Waking up | By : Pegasus Category: Harry Potter > Het - Male/Female Views: 2782 -:- Recommendations : 0 -:- Currently Reading : 0 |
Disclaimer: I do not own Harry Potter or any of the Harry Potter characters. I gain nothing from publishing this, no money, no fame, no fortunes. |
Chapter 8
Sophie waited for him. Her mother had told her that he had been there and had promised to come back later. But he didn’t. She waited the next day also, and the day after that but he never showed up. She couldn’t even be angry at him. She knew it wasn’t a pretty sight to watch her slowly deteriorating. But she had so gotten used to him. His dry and biting humor, his intelligence and even his short temper. She found much in him she liked and much that amused her. She also liked his voice… it was so wonderfully deep. She loved to listen to him. Sometimes she asked him questions about plants just to her him speak.

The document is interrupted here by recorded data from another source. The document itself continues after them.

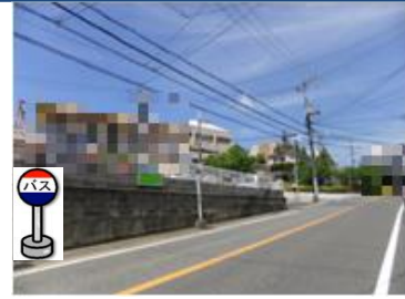
⑧親和女子大前バス停付近 谷上行きバス停付近で お待ちください。
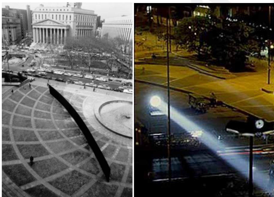
Foto 7 (esq.). Foto da obra Tilted Arc de Richard Serra. © Anne Chauvet Fonte: Cortesia de Richard Serra.
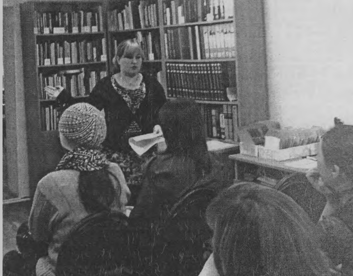
Во время занятия.

Not that she wasn’t interested in what he said, but mainly she just wanted to have these warm deep notes wash over her in the calm and controlled way he spoke in. And she loved his presence. That same calmness radiated from his entire person. It made her feel safe and protected… not that she had to be scared of anything or anyone, but his presence made her feel like nothing in the world could harm her. How ridiculous to think like that. And to feel like that.
Sophie had always been alone. She had gone out on dates and had tried to meet men, especially in the last few years when she noticed her time to start a family of her own was running out. But she had never wanted a closer relationship with any of the guys she had dated. After two or three dates she always knew they weren’t right. Or at least she had thought she knew it. She had wondered if she was going about it the right way. Was there anything like what she was looking for? She always had thought that if she met the right man, she would automatically know it. She would just know he was right. She was sure it must be like shopping for shoes. You go from one shop to the next and you can do that all day but in one shop you will see them: the one pair that makes you want to scream with joy and call out “You were made for me!”. And she had waited for this same feeling to come with the right man. But it never had. So was there anything like this? Or was love different? Was it more like finding someone you could tolerate and then just being open for more and see where it led? Waiting for a feeling of being in love to come with time? She had prayed about it, prayed for God to send her an answer, or, preferably, the right man. But neither had an answer come, nor the right man. And then she had received her diagnosis and her whole search for her future had come to an end. She had thought then that this was the reason why God had not send her a partner. He had never meant for her to be here for that long. And so she had accepted it. She had accepted that she would never know what it felt like to be loved by a man, to feel the passion and lust that the right person could invoke or to feel the giddiness when he entered the room and smiled only at you.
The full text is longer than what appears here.